I went to another state to pick up a car I had bought. I needed to pull $10k of my own money in cash out of the my banks to pay the seller. I checked with the banks before I left to make sure it would be OK.

I arrived in Utah to meet the seller and we go to the bank to do the transaction, and my banks suddenly don't want to let me cash out that much money. I ended up having to kludge the transaction together with some my cash and credit card advances. I didn't quite make the full sale amount so the seller let me take the car and sent me the pink slip later.

Second fact: online banking used to do instant bill pays. Now anything above a trivial amount has to be scheduled. It didn't used to be that way.

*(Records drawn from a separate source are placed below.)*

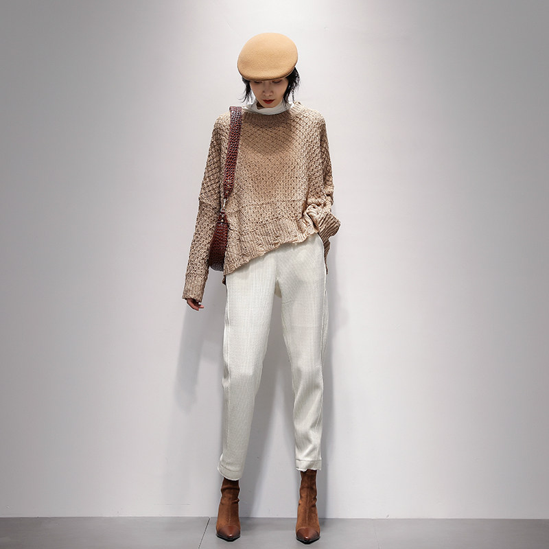 Mi White Leisure Pants 2022 new Han edition high waist vertical pipe pants loose and broad leg trousers
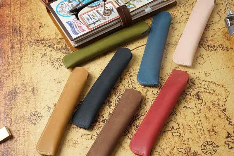 ペンケース 男女兼用 牛革 本革 レトロ調 万年筆用 ハンドメイド シンプルデザイン レザーペンポーチ 筆入れ 携帯用 筆記具 保護ケース
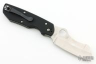 This Jason Breeden designed Rescue from Spyderco features a modified sheepsfoot style blade with false top edge, thumb hole and notched thumb ramp. The handle is comprised of black G-10 over stainless steel liners and barrel spacers. Lanyard tube in pommel. Black coated 4 way reversible stainless steel pocket clip. Comes with original box and papers. Excellent condition.

Combining these two suggests to me there is a liquidity shortage in the retail banking system. Paypal may be under the same liquidity pressures and using fuzzy TOS reasons to hold money because they don't have the liquidity to handle all of their transaction demand.



It's not liquidity, it's fraud protection


Liquidity to support your 10k transaction seems unlikely. More likely fraud and CYA by the banks


The bank workers told me they don't keep a lot of cash on hand to minimize robberies.

The thing I wonder about is why did online banking start requiring scheduled payments for anything over a $100 or so about five years ago? Now they often make me wait a few days to clear a payment, unless it's internal to the bank itself (e.g. my checking account to pay off my same bank cc account).

I'm sure they're investing my money short term and the holds give them more time and flexibility to do so. However, tying up account money in short term invesments means their liquidity will be reduced.

If you were PayPal would you not invest user funds overnight (or longer) based on projections of inflow/outflow? If not you'd be cheating your shareholders. However the temptation to hold on to user funds as long as possible would be constantly present. That's almost certainly what's happening.